Шаляпин - Моисей Янковский
Шрифт:
Интервал:
Закладка:
Однако и в деревне отец продолжал круто пить. Деньги, данные ему сыном на постройку дома, он пропил и жил в чужой избе. Как-то в 1901 году Шаляпин получил от отца письмо, что он плох и просит Федора приехать. Шаляпин поспешил на родину и застал отца умирающим.
Что касается Васи, то он стал фельдшером, у него был прекрасный голос (тенор), он очень славно пел, словом, и его не минула любовь к песне. Он погиб в 1915 году на войне.
Новый сезон 1898/99 года открылся поздно из-за задержавшегося ремонта театра. Занавес был поднят лишь 22 ноября. Для открытия давали «Садко». Но репетиции и музыкальные уроки начались задолго до этого. Федор был занят сразу в трех новых постановках: в «Юдифи» Серова, «Моцарте и Сальери» Римского-Корсакова и «Борисе Годунове» Мусоргского. А помимо этого, готовили и новую оперу Римского-Корсакова «Вера Шелога». Все четыре произведения разучивались одновременно, одновременно шли и репетиции. Занята была вся труппа. В каждом углу театра звучала музыка, слышалось пение. А артисты хора с великим напряжением учили сложные партии «Юдифи» и «Бориса Годунова».
Привыкшая к частому появлению на афишах театров того времени новых названий, московская публика все же поражалась тому, с какой быстротой возникают здесь премьеры: 23 ноября — «Юдифь», 25 ноября «Моцарт и Сальери», 7 декабря — «Борис Годунов», а вслед за этим, 15 декабря, «Вера Шелога», опера-пролог к «Псковитянке».
Действительно, Мамонтовский театр на деле становился театром русской оперы, в значительной мере — театром Мусоргского и Римского-Корсакова.
Одним из основных постановщиков «Юдифи» был художник Валентин Серов, сын автора оперы, композитора А. Н, Серова.
Он с увлечением работал над оформлением будущего спектакля, занимаясь при этом с солистами и хором. Для Шаляпина, который должен был еще в Мариинском театре исполнять партию Олоферна, в этой партии, да и во всем произведении, было много неясного, непонятного.

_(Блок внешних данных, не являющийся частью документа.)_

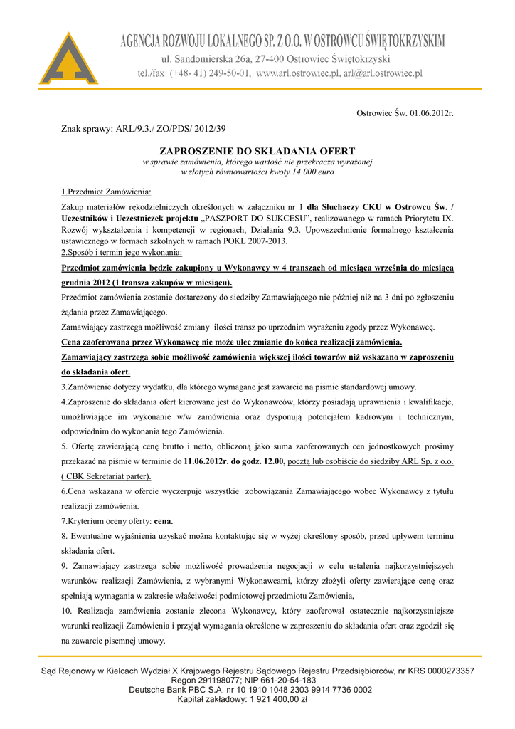 Ostrowiec Św. 01.06.2012r. Znak sprawy: ARL/9.3./ ZO/PDS/ 2012/39 ZAPROSZENIE DO SKŁADANIA OFERT w sprawie zamówienia, którego wartość nie przekracza wyrażonej w złotych równowartości kwoty 14 000 euro 1.Przedmiot Zamówienia: Zakup materiałów rękodzielniczych określonych w załączniku nr 1 dla Słuchaczy CKU w Ostrowcu Św. / Uczestników i Uczestniczek projektu „PASZPORT DO SUKCESU”, realizowanego w ramach Priorytetu IX. Rozwój wykształcenia i kompetencji w regionach, Działania 9.3. Upowszechnienie formalnego kształcenia ustawicznego w formach szkolnych w ramach POKL 2007-2013. 2.Sposób i termin jego wykonania: Przedmiot zamówienia będzie zakupiony u Wykonawcy w 4 transzach od miesiąca września do miesiąca grudnia 2012 (1 transza zakupów w miesiącu). Przedmiot zamówienia zostanie dostarczony do siedziby Zamawiającego nie później niż na 3 dni po zgłoszeniu żądania przez Zamawiającego. Zamawiający zastrzega możliwość zmiany ilości transz po uprzednim wyrażeniu zgody przez Wykonawcę. Cena zaoferowana przez Wykonawcę nie może ulec zmianie do końca realizacji zamówienia. Zamawiający zastrzega sobie możliwość zamówienia większej ilości towarów niż wskazano w zaproszeniu do składania ofert. 3.Zamówienie dotyczy wydatku, dla którego wymagane jest zawarcie na piśmie standardowej umowy. 4.Zaproszenie do składania ofert kierowane jest do Wykonawców, którzy posiadają uprawnienia i kwalifikacje, umożliwiające im wykonanie w/w zamówienia oraz dysponują potencjałem kadrowym i technicznym, odpowiednim do wykonania tego Zamówienia. 5. Ofertę zawierającą cenę brutto i netto, obliczoną jako suma zaoferowanych cen jednostkowych prosimy przekazać na piśmie w terminie do 11.06.2012r. do godz. 12.00, pocztą lub osobiście do siedziby ARL Sp. z o.o. ( CBK Sekretariat parter). 6.Cena wskazana w ofercie wyczerpuje wszystkie zobowiązania Zamawiającego wobec Wykonawcy z tytułu realizacji zamówienia. 7.Kryterium oceny oferty: cena. 8. Ewentualne wyjaśnienia uzyskać można kontaktując się w wyżej określony sposób, przed upływem terminu składania ofert. 9. Zamawiający zastrzega sobie możliwość prowadzenia negocjacji w celu ustalenia najkorzystniejszych warunków realizacji Zamówienia, z wybranymi Wykonawcami, którzy złożyli oferty zawierające cenę oraz spełniają wymagania w zakresie właściwości podmiotowej przedmiotu Zamówienia, 10. Realizacja zamówienia zostanie zlecona Wykonawcy, który zaoferował ostatecznie najkorzystniejsze warunki realizacji Zamówienia i przyjął wymagania określone w zaproszeniu do składania ofert oraz zgodził się na zawarcie pisemnej umowy. 11. Zamawiający zastrzega możliwość udzielenia kolejnego zamówienia do wysokości 50% wartości zamówienia określonego w umowie z Wykonawcą w tym samym roku kalendarzowym, jeżeli zachodzi konieczność udzielenia zamówienia tożsamego z uprzednio udzielonym zamówieniem, a udzielenie zamówienia w ten sposób jest z korzyścią dla Zamawiającego. Prezes Zarządu ARL Sp. z o.o. Magdalena Salwerowicz Załącznik nr 1. Znak sprawy ARL/9.3/ZO/PDS/2012/39 Lp. Przedmiot Preferowany Producent Sznurek woskowy (czerwony ,zielony) 7 m - rolka Drut jubilerski (kolor naturalny ) Szpilki – gwoździe, długość 50 mm Nakładki ozdobne, średnica 8mm ( pakowane 1 woreczek – 20 szt) Bigle otwarte, długość 19mm Koraliki drewniane zielone, średnica 8 mm. Koraliki drewniane żółte, średnica 10 mm. Koraliki drewniane pomarańczowe, średnica 12 mm. Koraliki drewniane czarne, średnica 8 mm. Koraliki drewniane białe, średnica 10 mm. Koraliki drewniane czerwone, średnica 12 mm. Kulki gładkie, średnica 4 mm (1 opakowanie – 180 szt) Zapięcia – karabińczyk, metalowe, kolor srebrny, długość 9 mm Szacunkowa ilość 2 rolki czerwony, 2 rolki zielony 2 szpulki 25 par 2 opakowania 20 par 4 woreczki 5 woreczków 6 woreczków 4 woreczki 5 woreczków 6 woreczków 2 opakowania 18 sztuk Cena netto Cena brutto Wartość brutto Kółka otwarte niklowane, kolor srebrny, średnica 6-8 mm., Kulki zaciskowe, 1 – 1,5 mm. (opakowanie) 2 woreczki Przekładki jubilerskie (opakowanie), rozmiar: 8-10 mm Końcówki do rzemieni i linek o średnicy wnętrza 3,5 mm oraz o średnicy 1,5 mm, 1 opakowanie – 10szt. Łańcuszek posrebrzany, długość 50 mm., wysokość oczka 5 mm, szerokość oczka 3,4 mm. Długie szczypce okrągłe stal niklowana o średnicy oczek. ok. 2 – 5mm Szczypce boczne obcinaki do tworzyw sztucznych z gumowymi rączkami , długość do 16 cm. Szczypce długie uniwersalne z gumowymi rączkami, długość do 16 cm. Krepina (preferowany ADAR kolor czerwony, żółty, zielony, lila, różowy, pomarańczowy) Klej Galaksy, ASTRA opakowanie 40 ml. 2 sztuki 2 opakowania 2 opakowania każdej średnicy 10 sztuk 6 sztuk 4 sztuki 4 sztuki po 1 sztuce z każdego koloru 6 sztuk Nożyczki, długość 13,5 cm. Pędzelek, rozm. 8 GAMBO 8 sztuk ASTRA 8 sztuk Pędzle płaskie, miękkie, sprężyste, nr 12 Pędzle gąbkowe okrągłe, nr 2 Szkatułki kartonowe, 9x12 cm Papier do decoupage preferowane duże motywy Akryl w kolorach: żółty, granat, bordo, pojemność 50 ml. Lakier do spękań dwuskładnikowy, pojemność 100 ml jednego składnika. Pasta do wypełniania spękań – złota, pojemność 20 ml. Pasta do polerowania – woskowa, pojemność 80 ml. Farba w sprayu – kolor złoty, pojemność 200 ml. Farba w sprayu – kolor brązowy (ciemny), pojemność 200 ml. Farba w sprayu – kolor czerwony (ciemny), pojemność 200 ml. Lakier w sprayu, pojemność 300 ml. Klej do decoupage, pojemność 150 ml Drut wiązałkowy Ręcznik papierowy (dowolny rozmiar) ASTRA 10 sztuk Stamperia 10 sztuk Stamperia 20 sztuk Dekomania 4 sztuki Pentart Pentart po 2 sztuki każdego koloru 2 sztuki Pentart 2 sztuki Decomania 2 sztuki Aliga 3 sztuki Aliga 5 sztuk Aliga 4 sztuki Aliga 4 sztuki Pentart 1 sztuka 2 kg. 1 opakowanie Szary papier (wielkość dowol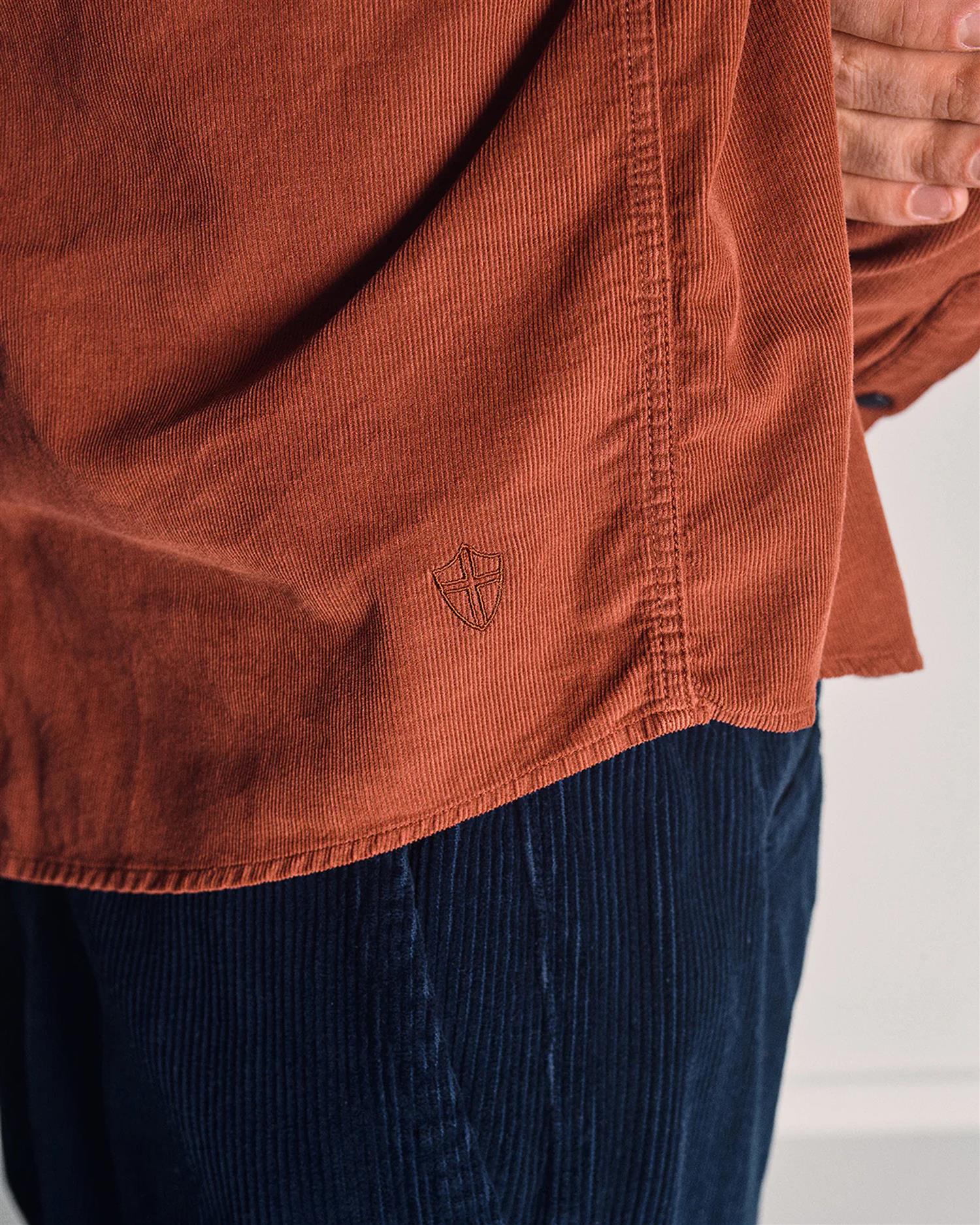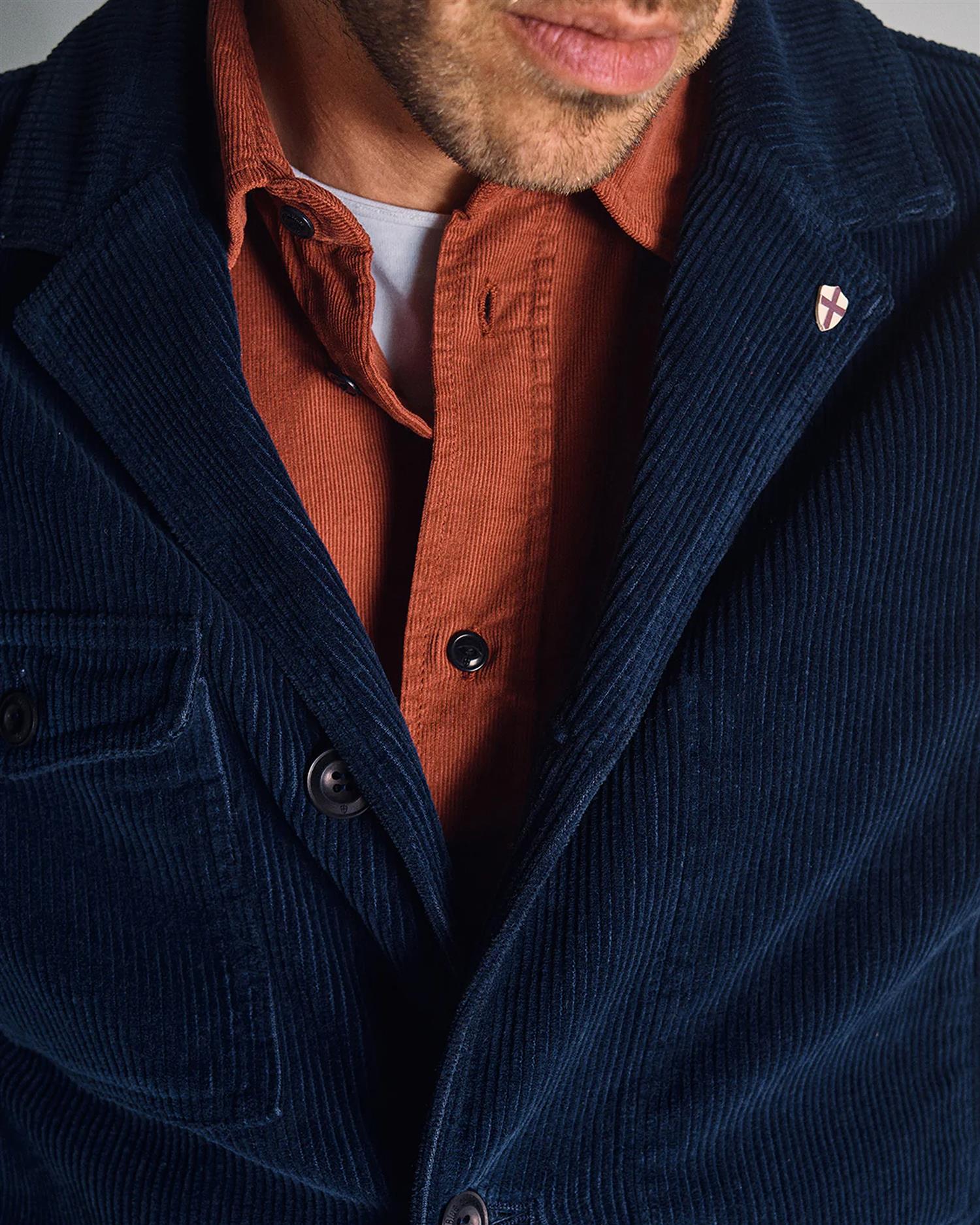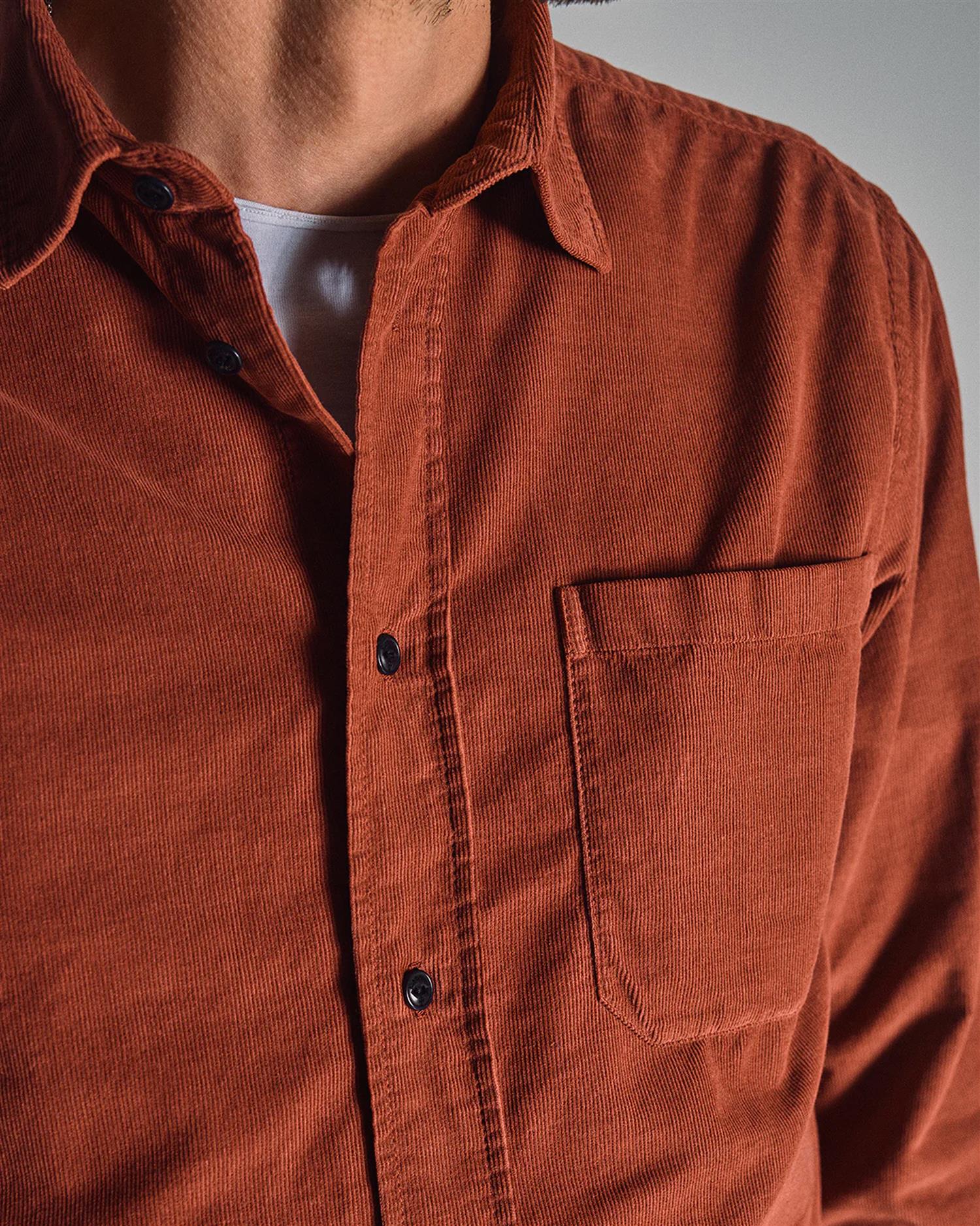 Zamboni Velu Shirt fra Blue de Gênes er en skjorte i baby-kord med i en rik farge og livlig tekstur. Med detaljer som corozo-knapper og får den et røft, men raffinert uttrykk – perfekt for lag-på-lag med grove strikker eller som standalone statement.

Когда он выступал в русских операх, национальная их природа помогала ему проникнуть в суть изображаемых образов. Когда он пел Мефистофеля, становилось уже сложнее. Но он мог увидеть множество разнообразных изображений Мефистофеля, погрузиться в чтение гетевского «Фауста», получить компетентные советы образованных людей.
С партией Олоферна все было неизмеримо сложнее. «Вообразить — это значит вдруг увидеть», — любил говорить Шаляпин. А вот увидеть Олоферна, понять, каким должен быть древнеассирийский военачальник, он не мог. И музыка не давала ему нужного ответа.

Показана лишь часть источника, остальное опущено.